MURRAYVILLE — Workers wrestled the sheep outside the pen to a waiting electric razor wielded by Randy Pinson of Cartersville.

Planted on its hind parts, the animal then got its annual haircut, or shearing. With pounds of wool peeled off its skin, it then took off — with some gentle nudging by people — to roam with other, newly shaved sheep in the sun-filled yard beyond the red barn.

Such is the annual spring ritual at Wauka Valley Farm, 40 acres of rolling hills, pastures and dirt roads, in White County, off Post White Hill Road and nestled at the Hall and Lumpkin county lines.

The farm, set up in 1994, opened its doors this weekend to the public, a tradition that dates to when owner Lynn Johnson and family invited just friends to observe.

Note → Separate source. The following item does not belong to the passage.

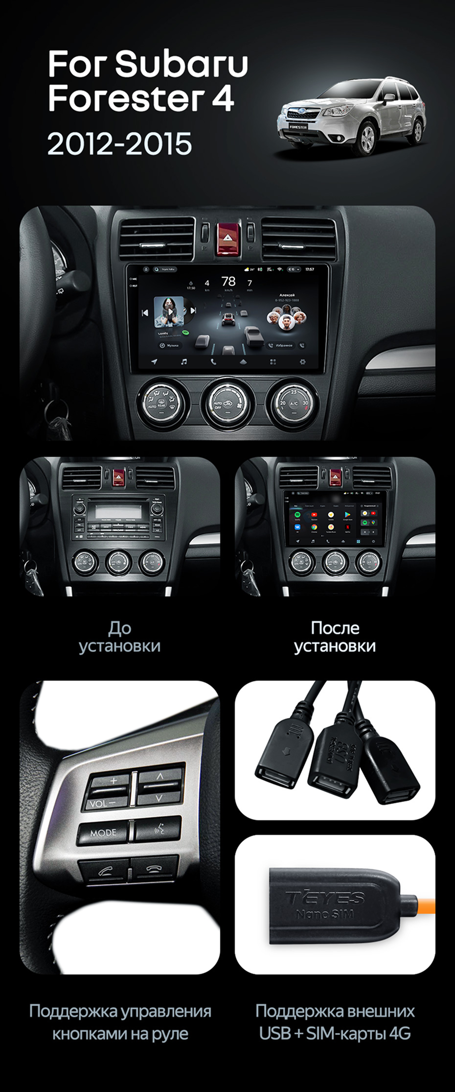 Штатная магнитола Teyes CC4 Pro 12/256 Subaru Forester 4 SJ (2012-2015) Тип-A - купить всего за 68 100 руб. в интернет-магазине в Калининграде Teyes.com.ru. ✓ Самый лучший выбор мультимедиа ✓ Лучшая замена штатному ГУ ✓ Тел. +7 (800) 775-31-74

“Everybody would bring something to eat and we’d have this feast,” Johnson said Sunday afternoon. “And then, more people started coming and it got to where we couldn’t do that.”

These days, she promotes the event through word of mouth and her website, www.wauka.com, hoping to draw families.

“It’s important for the kids to see,” she said of the shearing. “It’s where their sweaters come from.”

Johnson sends the wool to a new mill in Clarkesville — instead of one in Michigan, where she used to ship to, saving a fair bit of money.

“We figured it was about $1 per pound and we were shearing close to 800 pounds at one time,” she said. “That’s a lot of wool.”

Johnson began the venture after her husband’s retirement from the airline industry, fulfilling a longtime dream.

“When he retired,” she said of her husband, Dan, and while smiling, “he went to work for me.”

The family started with 72 sheep, but that number has dropped sharply over the years, including eight “senior citizens” in the past year.

“You lose them over time to old age,” Johnson said. “... We had babies for years, but we stopped breeding seven years ago. I didn’t want to be doing this when I was 78 years old. There’s a lot of hard work involved.”

A few stalls in the barn serve as the “assisted living” center for the aging sheep, which have a life span of 11-12 years.

“It’s a different kind of existence when you raise animals,” Johnson said. “There’s joy, love, heartache and loss.”

Keith and Jenna Gray of Maysville and four of their five children, ages 7-17, enjoyed a day at the farm.

“It’s been fantastic,” said Jenna, who learned about the event through a knitting group in Gainesville.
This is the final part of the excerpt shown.